The Furutani campaign, for its part, is attacking Gipson for the links of the independent expenditure campaign supporting him to the tobacco industry. The independent committee has received $40,000 from Philip Morris and $25,000 from U.S. Tobacco. (The IE funds are from the same committee, which received a $1 million donation from Intuit and spent $1 million opposing state Controller John Chiang’s election in 2006.)
“Once again, big tobacco is trying to buy a state legislative seat in California,” said Parke Skelton, a Furutani consultant, in a statement.
Furutani, a consultant to Assembly Speaker Fabian Núñez and a Los Angeles Community College board member, also has the backing of the influential Los Angeles County Federation of Labor.
Labor’s support will be critical in the race, Skelton said in an interview, because polls show the race to be a toss up, with the two Democratic candidates within percentage points of each other.
With a December special election and nothing else on the ballot, turnout is expected to be abysmal.
“By that count the candidate that is turning out the bodies should win. I have confident that should be us,” Skelton said.
Of course, a big IE push could change of the course of the race.
Former Assemblywoman Laura Richardson, D-Long Beach, whose seat the Democrats hope to fill, won election to Congress earlier this year in a race defined by large independent spending.
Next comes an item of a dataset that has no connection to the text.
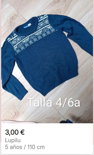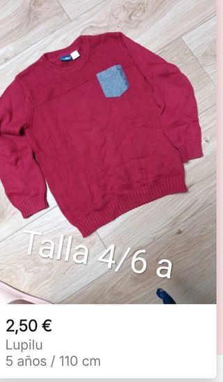 Varios jersey de punto--3€ uni, sudaderas con capucha 2.€ uni , camisas manga larga 2.50€ uni y camisetas manga larga 1€ uni - Talla 4/6 años. - Detalle de punto texturizado en la parte superior. - Puños y bajo elásticos.

Richardson was backed by hundreds of thousands of dollars in spending by the Los Angeles labor federation, while her opponent received a six-figure boost from the Morongo Band of Mission Indians.
Skelton said the way campaigns work now, he expects “a ton of crap (to get) dumped in the last few days.”
Ross said he was confident that “generally voters sort their way through this stuff.”
“IEs are here to stay,” he said. “That comes with the First Amendment, and it is what it is.”
The winner of the Democratic primary, set for Dec. 11, in the heavily Democratic district is expected to coast through the Feb. 5 runoff election.